PO 1 : Realized that knowledge of subjects in other faculties such as humanities, performing arts, Social Sciences etc. can have greatly and effectively influence  which inspires evolving new Scientific theories and inventions.
PO 2 : Imbibed ethical, moral and social values in personal and social life leading highly cultured and Civilized personality. It developes various communication skills such as reading, listening, speaking, etc., which we will help in expressing ideas and views clearly and effectively.
PO 3 : Realized that pursuit of knowledge is a lifelong activity and combining  untiring efforts and positive attitude and other necessary qualities that lead towards a successful life.
PO 4 : Developed scientific outlook not only with respect to science subjects but also in all aspects related to life.

PROGRAM SPECIFIC OUTCOME:

PSO 1 : Ability to calculate and reason to design complex and critical financial models for Bank and Insurance Companies.
PSO 2 : Ability to understand both concrete and abstract problems.
PSO 3 : Ability to make critical observations.
PSO 4 :Ability to accurately organize, analyze and interpret data.
PSO 5 : Develop the mathematical logic which is very useful for solving mathematical reasoning Problems.

COURSE OUTCOME:

CO 1 : DIFFERENTIAL CALCULUS AND TRIGNOMETRY

  • To find out the points of discontinuity for functions and classify them.
  • To understand the consequences of the intermediate value theorem for continuous functions.
  • To apply mathematical methods involving arithmetic, algebra, geometry, and graphs to solve problems.
  • Knowledge of Trigonometric identities and experience deriving identities.

CO 2 : INTEGRAL CALCULUS

  • Solve definite and indefinite integrals using substitution, integration by parts, and tables.
  • Compute differential and integral operations (partial derivatives, gradients, double integrals, etc.) and Change coordinates (e.g., polar, cylindrical, etc.)
  • Compute standard types of integrals (curve integrals, area integrals, surface integrals,etc.)
  • Compute integrals using standard theorems (e.g. with potential functions, Green’s theorem, etc.)

CO 3 : DIFFERENTIAL EQUATIONS AND LAPLACE TRANSFORMS

  • Students are able to understand how to solve the differential equations with different degrees.
  • Helps the students to find particular solution to the initial value problem.
  • Students can be able to find complete solution to the differential equation with variable coefficients.
  • To learn about Laplace transforms and inverse Laplace transforms.
  • Students can learn to solve the differential equations using Laplace transforms.

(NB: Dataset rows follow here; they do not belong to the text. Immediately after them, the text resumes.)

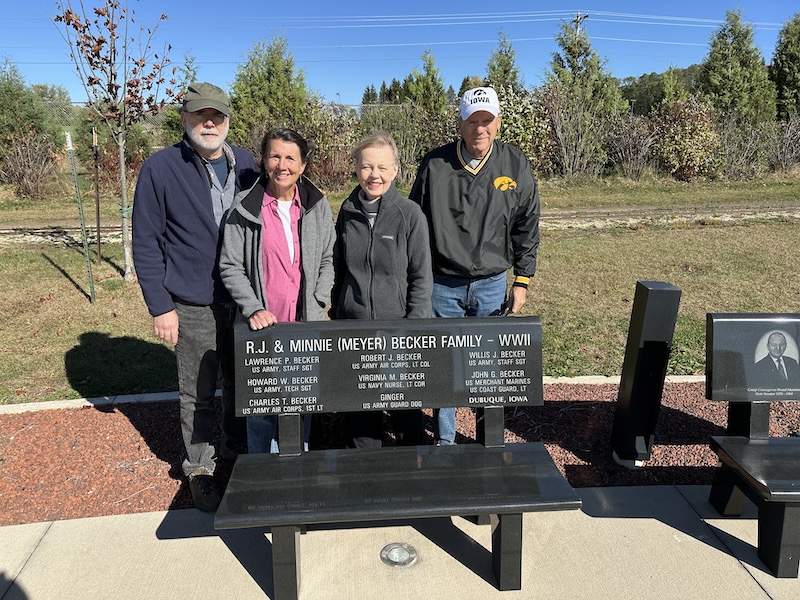 It was a special treat for me to have some of my dear cousins visit Camp Courageous.  I have been humbled, and heart warmed to have had 100% of my eleven Becker uncles and aunts, along with most my cousins, who are spread across the United States, support Camp Courageous over my 45+ year tenure.  Here are cousins Jim Becker, of Minneapolis, MN; Paula Becker Day, of Solon, IA; Amy Becker, of Iowa City, IA; and Tom Becker, of Riverside, CA…(their brother, Joe Becker, of Dubuque, IA; had to leave early and missed the photo). They are my Uncle Willie & Aunt Grace Becker’s Family, with their roots in Dubuque, IA.  While touring we stopped at the Mainliner Memorial Park, where a bench honors the Becker Family who served in the military during WWII.    Seven out of the eleven Becker children went to War, along with the family’s German Shepard, ‘Ginger’.  In April of 1941, my dad,  Howard, became the first of the 7 Becker siblings to enter the US Military and serve in World War II.  He had landed on the beaches of Normandy, 10-hours after the invasion began, June 6, 1944, 81-years ago.  The cousins bought several bunk beds for the newly remodeled South Cabin Project…I am deeply touched…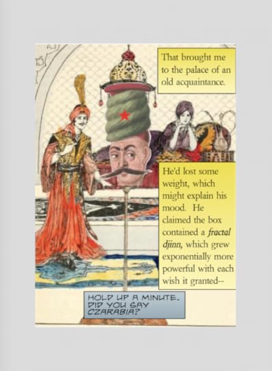 My webcomic is called THE CROSSOVER. It’s set in a multiversal bar where fugitives, mercenaries, smugglers and thieves meet on neutral ground to make deals. My heroine is a version of Alice, one who grew up to become a universe-hopping sorceress who specializes in stealing artificts–items from alternate fictional realities.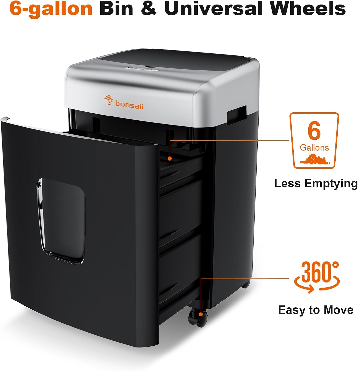 • Large Capacity & Easy to move: 6-Gallon pullout bin reduces the frequency of emptying. With 360-degree universal casters, you can move the heavy duty shredder freely.
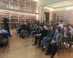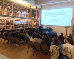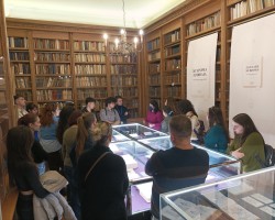 Οι φοιτητές ξεναγήθηκαν στην Ιστορική Βιβλιοθήκη και στην περιοδική έκθεση «30 χρόνια, 30 βιβλία: Μικρά, μεγάλα, πολύτιμα, σπάνια». Κατά τη διάρκεια της ξενάγησης και της σχετικής συζήτησης αναπτύχθηκαν μεταξύ άλλων θέματα όπως η ιστορία του βιβλίου στη δυτική Ευρώπη, οι πρώτες ελληνικές εκδόσεις και οι θρησκευτικές εκδόσεις κατά την περίοδο της Μεταρρύθμισης. Στη συνέχεια, ο κ. Κακλαμάνης πραγματοποίησε παρουσίαση με θέμα το πέρασμα από τον προφορικό στον γραπτό λόγο και από το χειρόγραφο στο έντυπο, με ιδιαίτερες αναφορές στην πρώιμη νεοελληνική λογοτεχνία.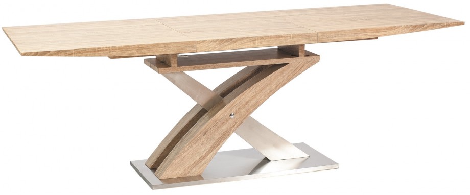 Прямоугольный стол Raul выполнен в лучших традициях «артовости». Если столешница ничем незаурядным от аналогичных раскладных моделей не отличается, Х-образная ножка стола – пик сезона! Уже за счет этой детали, изготовленной из МДФ и прочной матовой стали, любая комната превратится в локацию «от кутюр».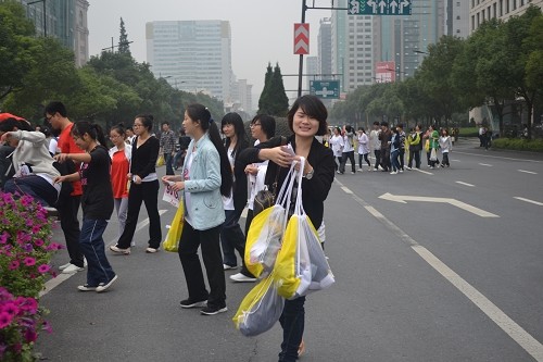背景资料:本届杭州国际马拉松是第25届,今年升级为世界级马拉松赛事,并采用了全新路线。一共有2.3万人报名参赛,创造了历届杭州马拉松参赛人数之最。其中参加全程、半程的竞赛人数从去年的2000人翻倍至4000人;近1.8万人参加短程马拉松(13公里)和小马拉松(6.8公里),这个数字甚至超过了去年杭马参赛的总人数。咱们明通的运动健将们,就是1.8万人中的一个哦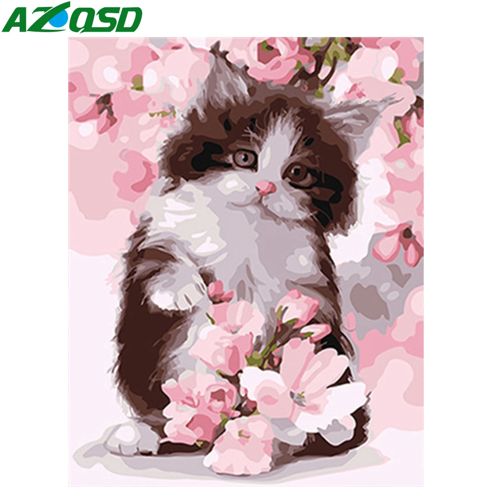 AZQSD DIY Unframe краска по номерам кошка настенная художественная акриловая краска масляная краска по номерам животное на холсте подарок ручной р...

CO 4 : ANALYTICAL GEOMETRY 3D

  • To learn about the shapes in 3-dimensions.
  • To learn about the various forms of the equations of Plane, Sphere, Circle, Cylinder and Cone.
  • To calculate the shortest distance between lines spheres.
  • To acquire knowledge about central quadrics, coplanar lines, tangents, tangent planes.

CO 5 : MATHEMATICAL STATISTICS-I

  • Statistics is essentially dependent upon mathematics. It makes the students to learn how to solve statistical problems in real life.
  • This subject describes about how to compute different measures of dispersion for different types of data.

CO 6 : MATHEMATICAL STATISTICS-II

  • It helps the students to learn about the different approaches to the theory of probability like classical/mathematical probability, empirical probability and axiomatic probability, along with their limitations.
  • Students will understand the meaning and utility of sampling in statistics.

CO 7 : SEQUENCES AND SERIES

  • Help to acquire understand of how the elementary functions can be defined by power series, with an ability to deduce some of their easier properties.
  • Help to acquire knowledge of some simples techniques for testing the convergence of sequence and series and confidence in applying them.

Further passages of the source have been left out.